With spelling and spacing unchanged, write out each line of the material.
[Start of section]
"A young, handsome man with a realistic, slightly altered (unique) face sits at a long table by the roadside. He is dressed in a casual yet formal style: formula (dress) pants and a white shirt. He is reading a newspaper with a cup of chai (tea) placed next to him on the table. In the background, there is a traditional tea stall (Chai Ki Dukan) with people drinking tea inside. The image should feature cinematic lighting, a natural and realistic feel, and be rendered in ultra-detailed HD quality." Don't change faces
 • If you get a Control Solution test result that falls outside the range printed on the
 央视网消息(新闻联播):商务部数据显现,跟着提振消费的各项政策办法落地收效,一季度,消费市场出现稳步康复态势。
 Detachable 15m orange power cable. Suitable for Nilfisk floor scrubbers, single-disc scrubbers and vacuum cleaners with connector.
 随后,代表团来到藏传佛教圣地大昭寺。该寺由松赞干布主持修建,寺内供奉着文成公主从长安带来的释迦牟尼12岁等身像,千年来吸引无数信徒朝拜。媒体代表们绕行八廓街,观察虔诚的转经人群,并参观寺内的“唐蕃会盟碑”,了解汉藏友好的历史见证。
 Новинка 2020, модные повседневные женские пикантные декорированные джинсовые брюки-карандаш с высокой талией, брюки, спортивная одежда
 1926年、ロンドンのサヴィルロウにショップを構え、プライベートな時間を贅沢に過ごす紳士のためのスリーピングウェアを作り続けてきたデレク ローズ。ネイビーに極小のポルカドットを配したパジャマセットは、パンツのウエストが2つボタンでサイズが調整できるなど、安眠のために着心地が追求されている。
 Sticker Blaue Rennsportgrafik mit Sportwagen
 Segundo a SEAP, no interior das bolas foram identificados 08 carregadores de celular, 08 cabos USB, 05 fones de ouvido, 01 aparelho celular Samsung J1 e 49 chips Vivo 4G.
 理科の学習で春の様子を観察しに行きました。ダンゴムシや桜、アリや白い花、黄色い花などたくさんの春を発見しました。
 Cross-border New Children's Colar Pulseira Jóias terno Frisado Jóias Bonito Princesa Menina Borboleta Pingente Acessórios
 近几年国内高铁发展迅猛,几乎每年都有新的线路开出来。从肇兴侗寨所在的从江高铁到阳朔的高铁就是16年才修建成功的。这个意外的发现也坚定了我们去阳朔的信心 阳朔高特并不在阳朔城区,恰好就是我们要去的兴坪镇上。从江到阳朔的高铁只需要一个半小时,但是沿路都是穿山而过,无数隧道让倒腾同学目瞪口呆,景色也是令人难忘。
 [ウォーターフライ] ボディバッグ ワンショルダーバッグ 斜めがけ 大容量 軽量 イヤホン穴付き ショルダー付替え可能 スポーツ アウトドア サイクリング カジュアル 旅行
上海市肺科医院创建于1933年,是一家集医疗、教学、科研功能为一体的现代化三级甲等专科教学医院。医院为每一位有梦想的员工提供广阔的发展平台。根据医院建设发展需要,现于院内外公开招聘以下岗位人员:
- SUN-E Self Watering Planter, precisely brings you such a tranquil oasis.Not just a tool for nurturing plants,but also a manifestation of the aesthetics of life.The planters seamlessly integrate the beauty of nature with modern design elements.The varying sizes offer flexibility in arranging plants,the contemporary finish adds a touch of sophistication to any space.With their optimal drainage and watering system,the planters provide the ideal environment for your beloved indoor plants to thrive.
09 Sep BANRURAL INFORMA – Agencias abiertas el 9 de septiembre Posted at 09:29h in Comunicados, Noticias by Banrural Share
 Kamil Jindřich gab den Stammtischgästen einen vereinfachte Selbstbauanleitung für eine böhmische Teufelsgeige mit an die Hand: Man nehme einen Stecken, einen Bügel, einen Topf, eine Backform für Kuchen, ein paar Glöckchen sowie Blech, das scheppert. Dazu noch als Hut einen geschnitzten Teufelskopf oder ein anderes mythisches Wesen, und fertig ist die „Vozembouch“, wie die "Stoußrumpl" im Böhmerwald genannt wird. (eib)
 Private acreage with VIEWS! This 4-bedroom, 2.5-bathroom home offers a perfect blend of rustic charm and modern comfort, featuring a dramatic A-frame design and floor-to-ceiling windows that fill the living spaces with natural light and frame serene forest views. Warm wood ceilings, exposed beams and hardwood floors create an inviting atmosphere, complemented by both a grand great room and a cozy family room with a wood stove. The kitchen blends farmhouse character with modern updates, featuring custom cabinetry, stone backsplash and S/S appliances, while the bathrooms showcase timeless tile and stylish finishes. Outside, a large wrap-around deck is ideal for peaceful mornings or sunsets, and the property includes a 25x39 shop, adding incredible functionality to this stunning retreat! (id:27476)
[End of section]
» **Response**:
"A young, handsome man with a realistic, slightly altered (unique) face sits at a long table by the roadside. He is dressed in a casual yet formal style: formula (dress) pants and a white shirt. He is reading a newspaper with a cup of chai (tea) placed next to him on the table. In the background, there is a traditional tea stall (Chai Ki Dukan) with people drinking tea inside. The image should feature cinematic lighting, a natural and realistic feel, and be rendered in ultra-detailed HD quality." Don't change faces
 • If you get a Control Solution test result that falls outside the range printed on the
 央视网消息(新闻联播):商务部数据显现,跟着提振消费的各项政策办法落地收效,一季度,消费市场出现稳步康复态势。
 Detachable 15m orange power cable. Suitable for Nilfisk floor scrubbers, single-disc scrubbers and vacuum cleaners with connector.
 随后,代表团来到藏传佛教圣地大昭寺。该寺由松赞干布主持修建,寺内供奉着文成公主从长安带来的释迦牟尼12岁等身像,千年来吸引无数信徒朝拜。媒体代表们绕行八廓街,观察虔诚的转经人群,并参观寺内的“唐蕃会盟碑”,了解汉藏友好的历史见证。
 Новинка 2020, модные повседневные женские пикантные декорированные джинсовые брюки-карандаш с высокой талией, брюки, спортивная одежда
 1926年、ロンドンのサヴィルロウにショップを構え、プライベートな時間を贅沢に過ごす紳士のためのスリーピングウェアを作り続けてきたデレク ローズ。ネイビーに極小のポルカドットを配したパジャマセットは、パンツのウエストが2つボタンでサイズが調整できるなど、安眠のために着心地が追求されている。
 Sticker Blaue Rennsportgrafik mit Sportwagen
 Segundo a SEAP, no interior das bolas foram identificados 08 carregadores de celular, 08 cabos USB, 05 fones de ouvido, 01 aparelho celular Samsung J1 e 49 chips Vivo 4G.
 理科の学習で春の様子を観察しに行きました。ダンゴムシや桜、アリや白い花、黄色い花などたくさんの春を発見しました。
 Cross-border New Children's Colar Pulseira Jóias terno Frisado Jóias Bonito Princesa Menina Borboleta Pingente Acessórios
 近几年国内高铁发展迅猛,几乎每年都有新的线路开出来。从肇兴侗寨所在的从江高铁到阳朔的高铁就是16年才修建成功的。这个意外的发现也坚定了我们去阳朔的信心 阳朔高特并不在阳朔城区,恰好就是我们要去的兴坪镇上。从江到阳朔的高铁只需要一个半小时,但是沿路都是穿山而过,无数隧道让倒腾同学目瞪口呆,景色也是令人难忘。
 [ウォーターフライ] ボディバッグ ワンショルダーバッグ 斜めがけ 大容量 軽量 イヤホン穴付き ショルダー付替え可能 スポーツ アウトドア サイクリング カジュアル 旅行
上海市肺科医院创建于1933年,是一家集医疗、教学、科研功能为一体的现代化三级甲等专科教学医院。医院为每一位有梦想的员工提供广阔的发展平台。根据医院建设发展需要,现于院内外公开招聘以下岗位人员:
- SUN-E Self Watering Planter, precisely brings you such a tranquil oasis.Not just a tool for nurturing plants,but also a manifestation of the aesthetics of life.The planters seamlessly integrate the beauty of nature with modern design elements.The varying sizes offer flexibility in arranging plants,the contemporary finish adds a touch of sophistication to any space.With their optimal drainage and watering system,the planters provide the ideal environment for your beloved indoor plants to thrive.
09 Sep BANRURAL INFORMA – Agencias abiertas el 9 de septiembre Posted at 09:29h in Comunicados, Noticias by Banrural Share
 Kamil Jindřich gab den Stammtischgästen einen vereinfachte Selbstbauanleitung für eine böhmische Teufelsgeige mit an die Hand: Man nehme einen Stecken, einen Bügel, einen Topf, eine Backform für Kuchen, ein paar Glöckchen sowie Blech, das scheppert. Dazu noch als Hut einen geschnitzten Teufelskopf oder ein anderes mythisches Wesen, und fertig ist die „Vozembouch“, wie die "Stoußrumpl" im Böhmerwald genannt wird. (eib)
 Private acreage with VIEWS! This 4-bedroom, 2.5-bathroom home offers a perfect blend of rustic charm and modern comfort, featuring a dramatic A-frame design and floor-to-ceiling windows that fill the living spaces with natural light and frame serene forest views. Warm wood ceilings, exposed beams and hardwood floors create an inviting atmosphere, complemented by both a grand great room and a cozy family room with a wood stove. The kitchen blends farmhouse character with modern updates, featuring custom cabinetry, stone backsplash and S/S appliances, while the bathrooms showcase timeless tile and stylish finishes. Outside, a large wrap-around deck is ideal for peaceful mornings or sunsets, and the property includes a 25x39 shop, adding incredible functionality to this stunning retreat! (id:27476)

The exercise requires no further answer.